В середине галереи, на пьедестале, возвышается хрустальный колпак, а в колпаке покоится черная курчавая голова Нгоро. Она кажется живой, лишь плотно закрытые глаза свидетельствуют, что уже никогда не оживет этот могучий мозг. Нгоро до странности похож на Леонида — тот же широкий, стеною, лоб, те же мощные губы, мощные скулы, удлиненный подбородок, крутые вальки бровей, массивные уши — все в этой удивительной голове мощно и массивно. Но если выразительное лицо Леонида хмуро, его иногда сводит судорога гнева, то Нгоро — добр, глубоко, проникновенно добр.
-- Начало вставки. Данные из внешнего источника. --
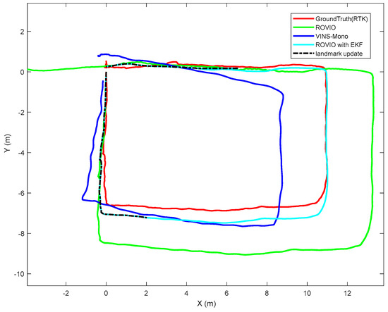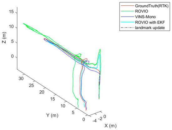 In this study, the EKF can be updated with two measurements, which are the position outputs of ROVIO and the VO algorithm. One is the VO outputs estimated by landmark. The other is the VIO with scale correction after the scale correction is estimated and the landmark is not detected by the VO algorithm. When the UAV is returning to the takeoff location, the trajectory estimated by the landmark is used again to update the scale correction.

Когда еще в школе я узнал, что Нгоро попал в аварию и малоискусной медицине его века удалось спасти лишь голову, отделенную от плеч, меня поражало, что голова потом разговаривала, мыслила, смеялась, даже напевала, к ночи засыпала, на рассвете пробуждалась — жила, нормально жила тридцать два долгих года! Один древний музыкант, оглохнув, написал лучшую из своих симфоний, голова Нгоро, отделенная от туловища, довершила теорию создания научных систем, путем разложения любого экспериментального факта в математический ряд. И, приближаясь к голове Нгоро, я вспоминал, что друзья ученого часто плакали перед ним и Нгоро упрекал их за малодушие и твердил, что ему хорошо, раз он может еще приносить людям благо. Он скончался на шестьдесят седьмом году жизни. Он знал, что умирает, искусственное кровообращение могло продлить жизнь головы, но не могло сделать ее бессмертной. Он простился с друзьями, послал привет всему разумному и хорошему, что еще придет на Землю, и тихо, все с той же доброй улыбкой, заснул в обычное свое время, в начале ночи, — на этот раз навсегда.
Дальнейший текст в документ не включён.